Problem description ▸ Among the entries that follow, locate the line with "Lines: data, pythia8 8.315 rescatter |" and the line with "The H7 Flow". Output those lines and all lines in between, exactly, minus the pictures.

Supplied material ▸
────────────────────

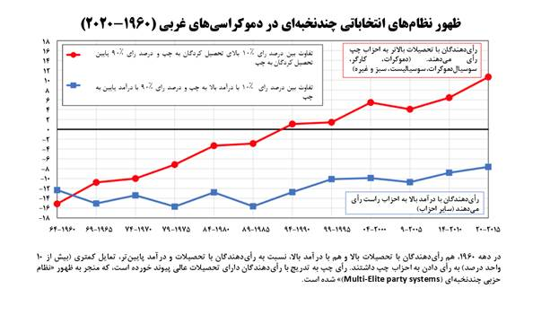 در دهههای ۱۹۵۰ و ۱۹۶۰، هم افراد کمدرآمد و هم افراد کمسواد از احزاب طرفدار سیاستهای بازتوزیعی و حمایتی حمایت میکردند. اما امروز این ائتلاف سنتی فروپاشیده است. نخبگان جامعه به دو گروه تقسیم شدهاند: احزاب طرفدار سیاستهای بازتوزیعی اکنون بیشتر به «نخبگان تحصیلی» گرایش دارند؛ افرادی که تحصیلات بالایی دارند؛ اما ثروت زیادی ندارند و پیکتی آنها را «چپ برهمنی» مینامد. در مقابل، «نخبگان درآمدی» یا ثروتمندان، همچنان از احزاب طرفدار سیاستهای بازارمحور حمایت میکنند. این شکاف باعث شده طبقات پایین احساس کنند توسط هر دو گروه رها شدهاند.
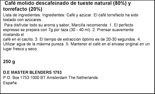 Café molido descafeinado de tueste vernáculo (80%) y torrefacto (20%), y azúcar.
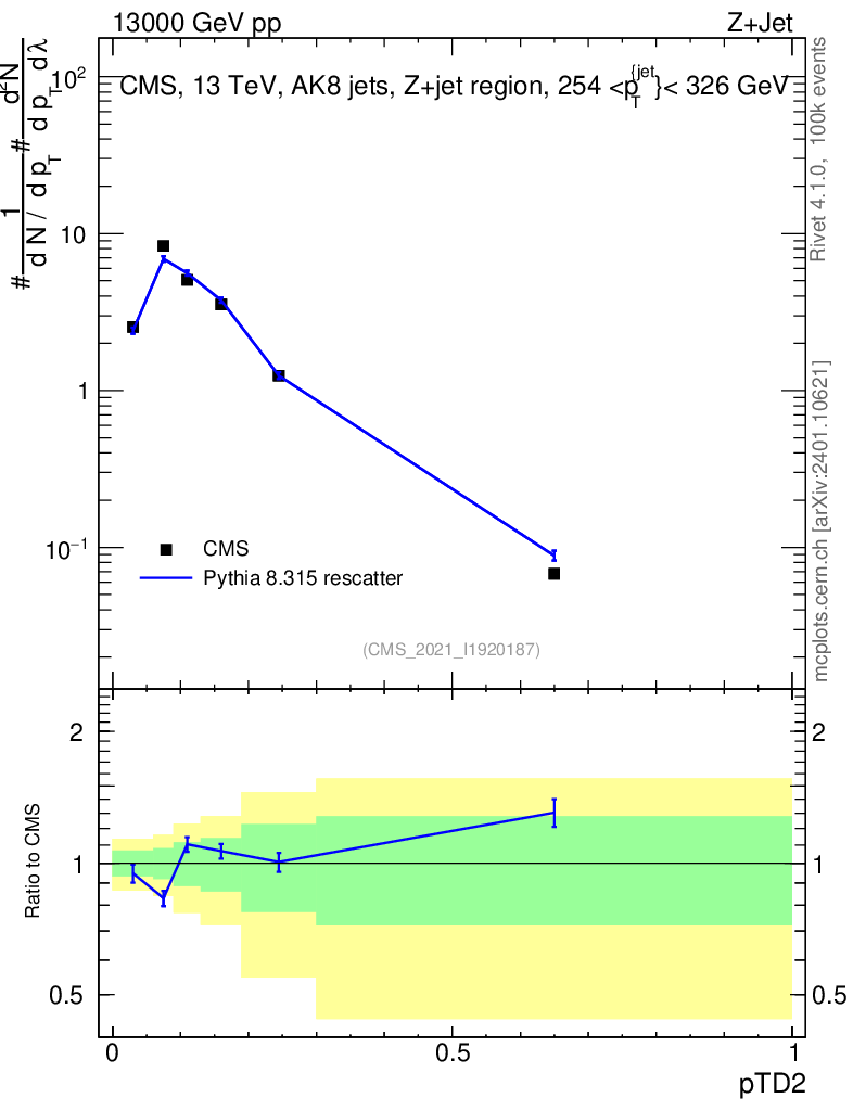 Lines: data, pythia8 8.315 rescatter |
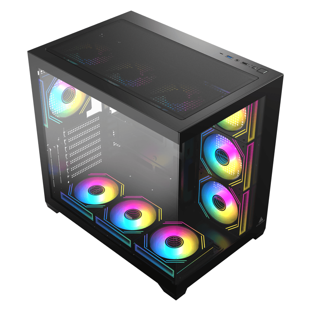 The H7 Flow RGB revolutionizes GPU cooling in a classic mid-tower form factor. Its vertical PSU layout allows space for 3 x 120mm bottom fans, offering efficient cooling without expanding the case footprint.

────────────────────

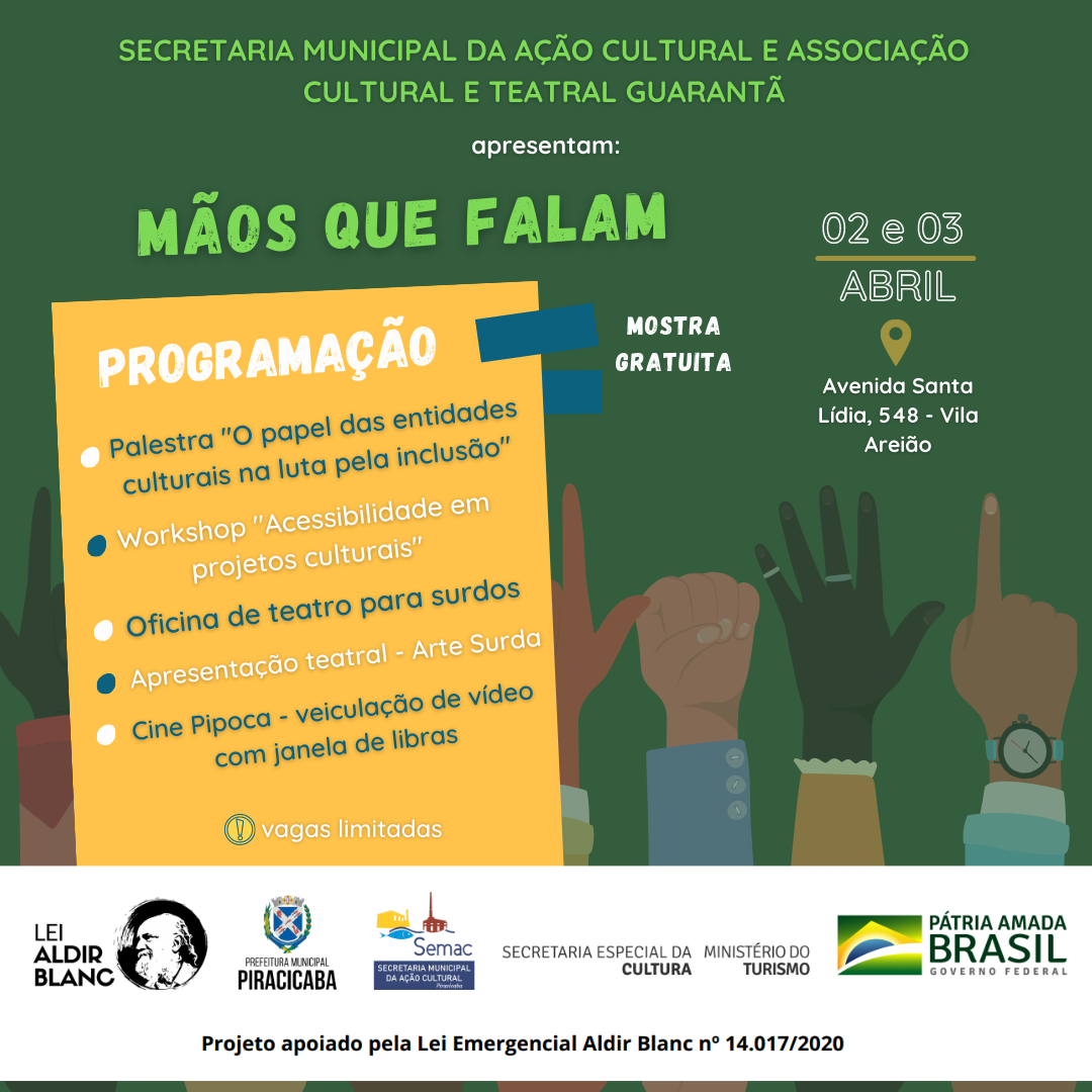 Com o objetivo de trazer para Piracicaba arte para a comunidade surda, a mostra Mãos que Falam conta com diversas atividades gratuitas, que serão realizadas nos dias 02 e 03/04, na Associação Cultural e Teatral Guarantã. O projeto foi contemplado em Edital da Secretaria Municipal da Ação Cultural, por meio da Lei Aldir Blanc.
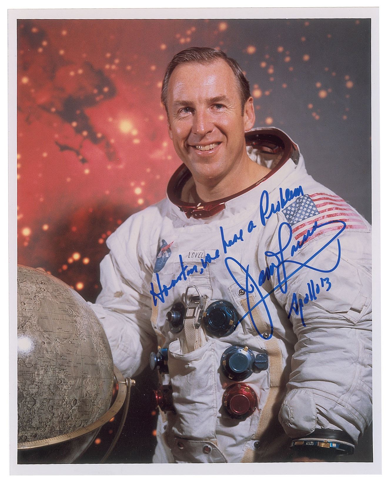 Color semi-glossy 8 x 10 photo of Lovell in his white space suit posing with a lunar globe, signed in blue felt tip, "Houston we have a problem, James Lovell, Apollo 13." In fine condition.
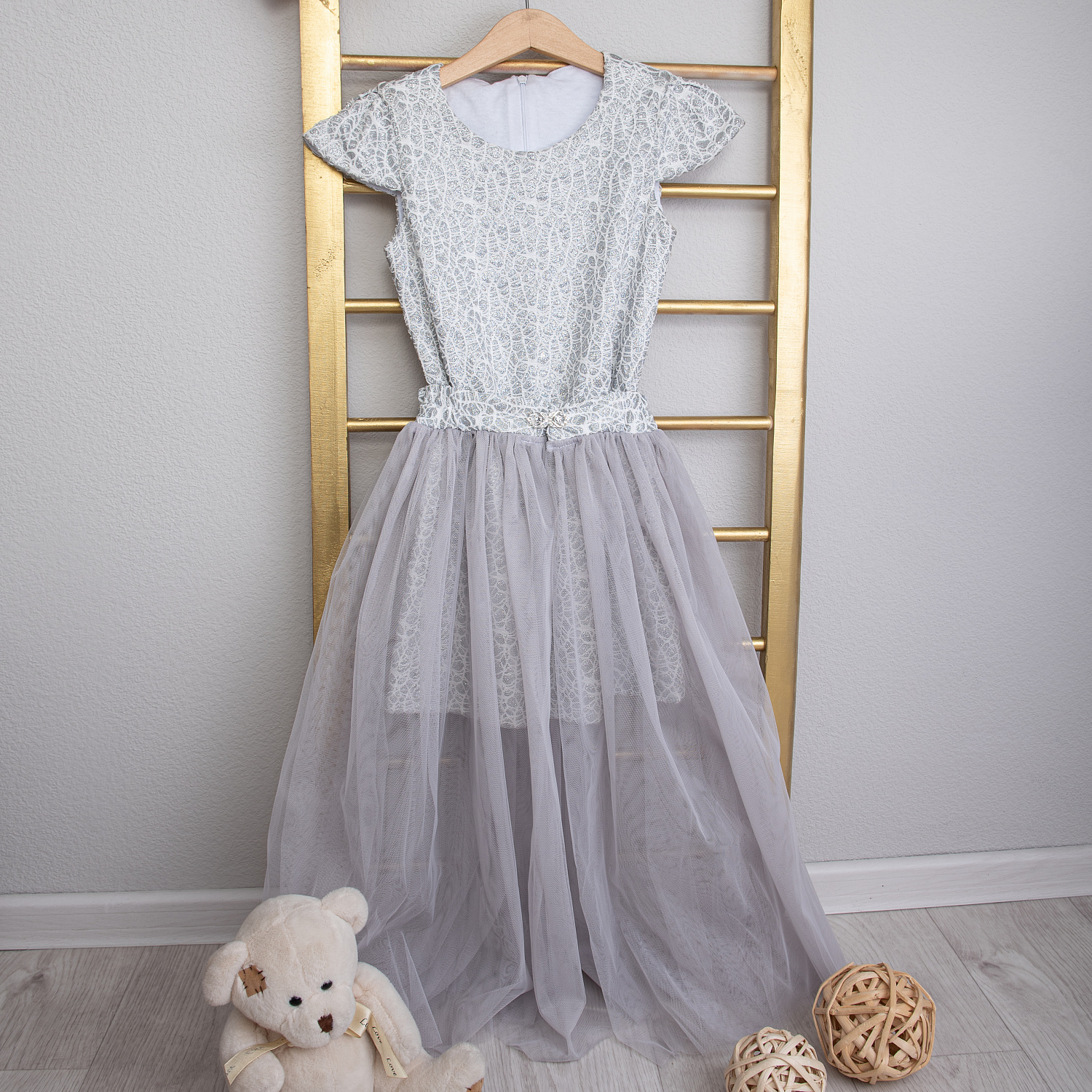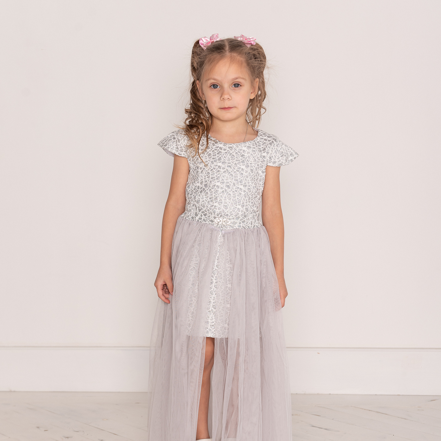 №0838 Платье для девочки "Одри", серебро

────────────────────

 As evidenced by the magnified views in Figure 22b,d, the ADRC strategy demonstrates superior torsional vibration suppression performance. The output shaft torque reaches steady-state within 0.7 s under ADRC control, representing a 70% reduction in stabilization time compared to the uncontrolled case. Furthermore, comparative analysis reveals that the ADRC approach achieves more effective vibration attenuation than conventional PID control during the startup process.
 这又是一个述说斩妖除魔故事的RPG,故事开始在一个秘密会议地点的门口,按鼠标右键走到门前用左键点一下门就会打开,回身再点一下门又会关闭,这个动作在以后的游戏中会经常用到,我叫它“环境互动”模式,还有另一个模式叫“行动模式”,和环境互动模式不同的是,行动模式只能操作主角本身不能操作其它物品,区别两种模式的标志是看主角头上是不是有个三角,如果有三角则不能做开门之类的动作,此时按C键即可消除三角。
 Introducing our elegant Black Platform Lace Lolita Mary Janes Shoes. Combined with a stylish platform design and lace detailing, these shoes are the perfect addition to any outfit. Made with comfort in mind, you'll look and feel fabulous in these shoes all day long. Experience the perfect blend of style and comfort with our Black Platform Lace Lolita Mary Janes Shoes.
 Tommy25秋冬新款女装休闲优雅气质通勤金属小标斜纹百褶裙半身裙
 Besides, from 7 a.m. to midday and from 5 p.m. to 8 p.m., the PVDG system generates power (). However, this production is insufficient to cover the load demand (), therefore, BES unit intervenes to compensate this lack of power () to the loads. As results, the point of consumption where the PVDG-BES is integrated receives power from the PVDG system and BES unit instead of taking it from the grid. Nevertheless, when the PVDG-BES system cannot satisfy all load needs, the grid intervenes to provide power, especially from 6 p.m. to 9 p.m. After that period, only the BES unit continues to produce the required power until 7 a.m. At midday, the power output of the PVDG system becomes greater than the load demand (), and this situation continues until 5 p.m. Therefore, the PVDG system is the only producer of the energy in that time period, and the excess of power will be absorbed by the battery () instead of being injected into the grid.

────────────────────

Solution to the exercise ▸
 Lines: data, pythia8 8.315 rescatter |
 The H7 Flow RGB revolutionizes GPU cooling in a classic mid-tower form factor. Its vertical PSU layout allows space for 3 x 120mm bottom fans, offering efficient cooling without expanding the case footprint.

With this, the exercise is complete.